The deadline for the receipt of applications is September 15 of each year. Learn more about the Wyeth Foundation for American Art Publication Grant.

Millard Meiss Publication Fund

Twice a year, CAA awards grants through the Millard Meiss Publication Fund to support book-length scholarly manuscripts in the history of art, visual studies, and related subjects that have been accepted by a publisher on their merits, but cannot be published in the most desirable form without a subsidy. Thanks to the generous bequest of the late Prof. Millard Meiss, CAA began awarding these publishing grants in 1975.

Books eligible for a Meiss grant must currently be under contract with a publisher and be on a subject in the arts or art history.

The deadlines for the receipt of applications are March 15 and September 15 of each year. Learn more about the Millard Meiss Publication Fund.

Nomusa Makhubu, University of Cape Town, chair of the “Border Crossings: The Migration of Art, People, and Ideas” alumni panel at CAA 2018. Photo: Rafael Cardenas

The CAA-Getty International Program, generously supported by the Getty Foundation, provides funding to between fifteen and twenty art historians, museum curators, and artists who teach art history to attend CAA’s Annual Conferences.
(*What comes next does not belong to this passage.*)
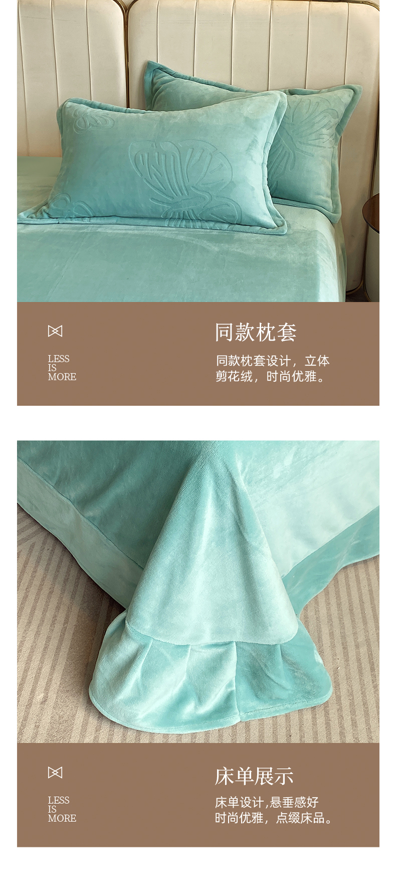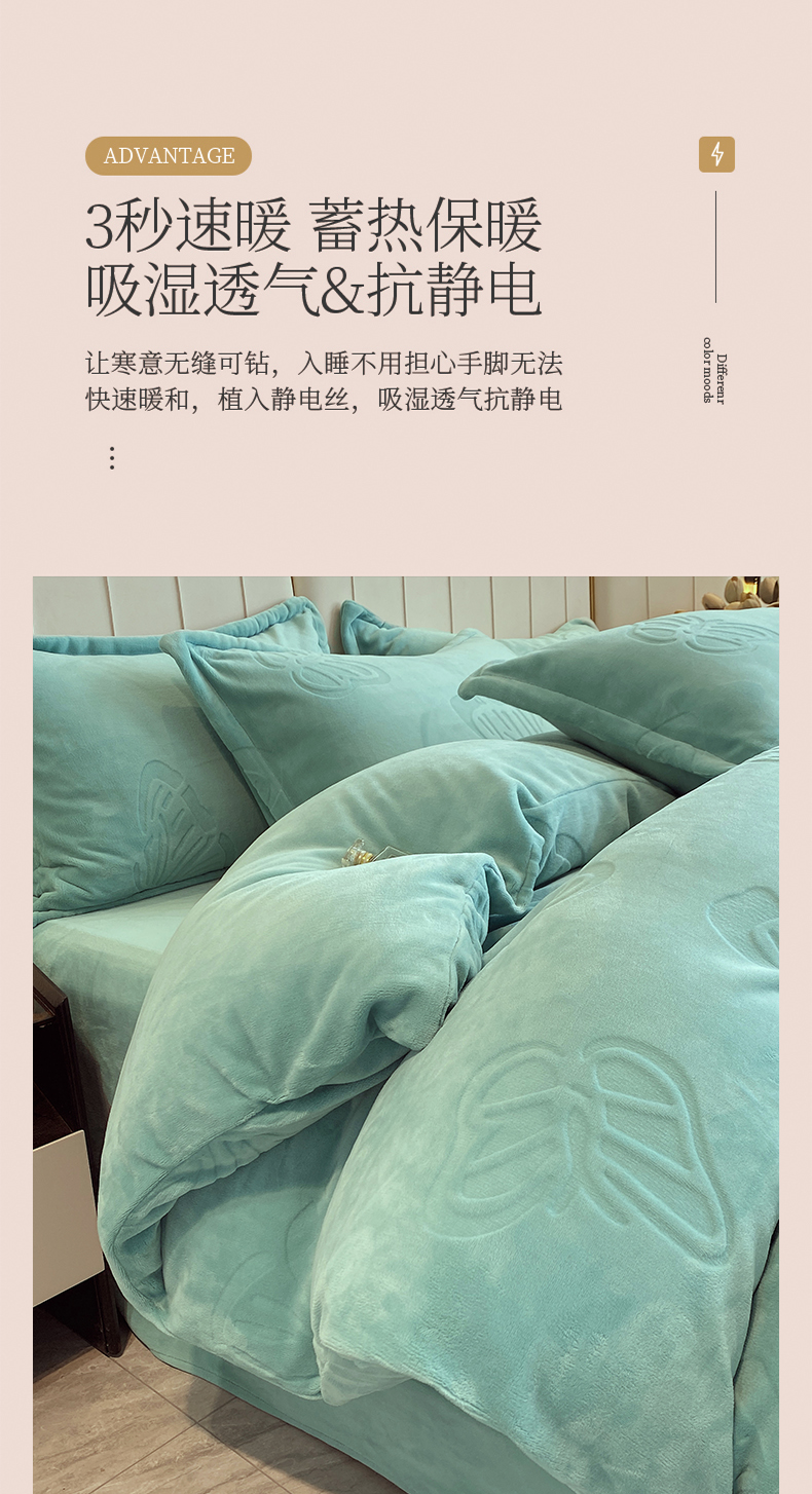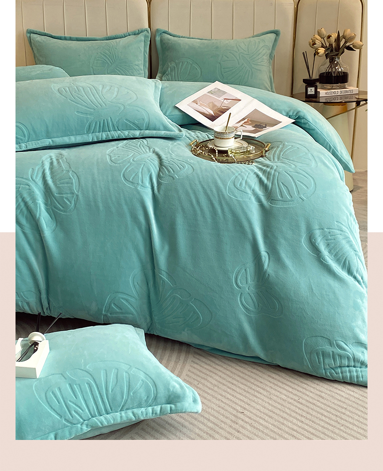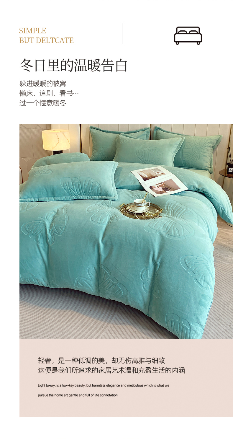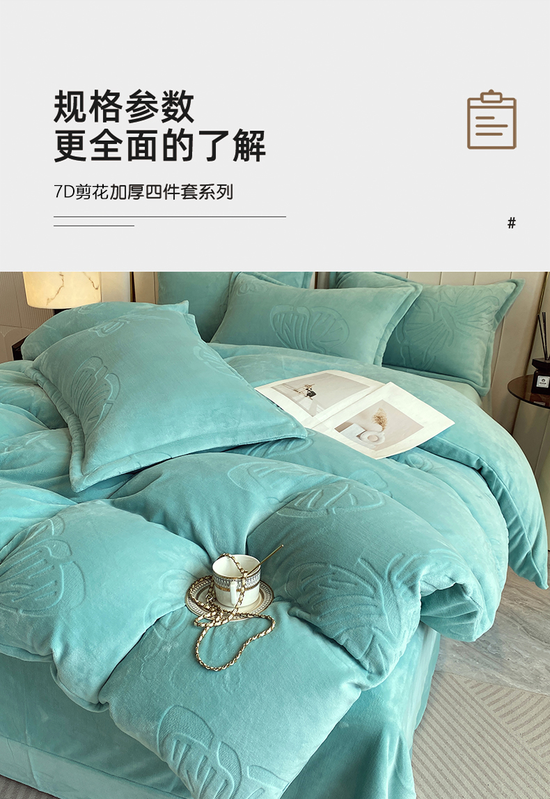 商品名称:一左一右 2024新款高克重加厚230克剪花雕花牛奶绒四件套7D立体蝴蝶纯色简约床笠 湖绿

The goal of the project is to increase international participation in CAA, to diversify the association’s membership, and to foster collaborations between North American art historians, artists, and curators and their international colleagues.

ABOUT THE 2019 GRANT

The 2019 CAA-Getty International Program will support fifteen art historians, museum curators, and artists who teach art history to attend the 106th Annual Conference, taking place in New York City from February 13-16, 2019. The grant covers travel expenses, hotel accommodations for eight nights, per diems, conference registrations, and one-year CAA memberships. The program will include a one-day preconference colloquium on international issues in art history on February 12, at which grant recipients will present and discuss their common professional interests and issues. Attendance at the preconference is limited and by invitation only. This year the grant also will fund five alumni from the CAA-Getty International Program to participate in the preconference colloquium and speak at a session during the conference. As they have in previous years, representatives from CAA’s membership will host program participants during the conference week.

ARE YOU ELIGIBLE?

Applicants must be practicing art historians who teach at a university or work as a curator in a museum, or artists who teach art history. They must have a good working knowledge of English and be available to participate in CAA events from February 12-16, 2019. Only professionals who have not attended a CAA conference previously, and who are from countries underrepresented in CAA’s membership are eligible to apply. The grant excludes scholars from North America, Western Europe, and Australia, whose countries are well represented in CAA. It further excludes scholars who have received funds from American foundations or research institutes to participate in conferences or residencies in the United States. Applicants do not need to be CAA members. This grant program is not open to graduate students or to those participating in the 2019 conference as chairs, speakers, or discussants.

HOW TO APPLY

Please review the application specifications and complete the application formPLEASE NOTE: In order to apply, you need an temporary Member Number, which you get by contacting Member Services. If you have questions about the process or are unsure of your eligibility, please email Janet Landay, project director of the CAA-Getty International Program.

Applications should include:

  • A completed application form
  • A two-page version of the applicant’s CV
  • A letter of recommendation from the chair, dean, or director of the applicant’s school, department, or museum

Applications must be submitted no later than Monday, August 27, 2018. Only applications submitted via the online form will be considered. CAA will notify applicants by Friday, October 5, 2018.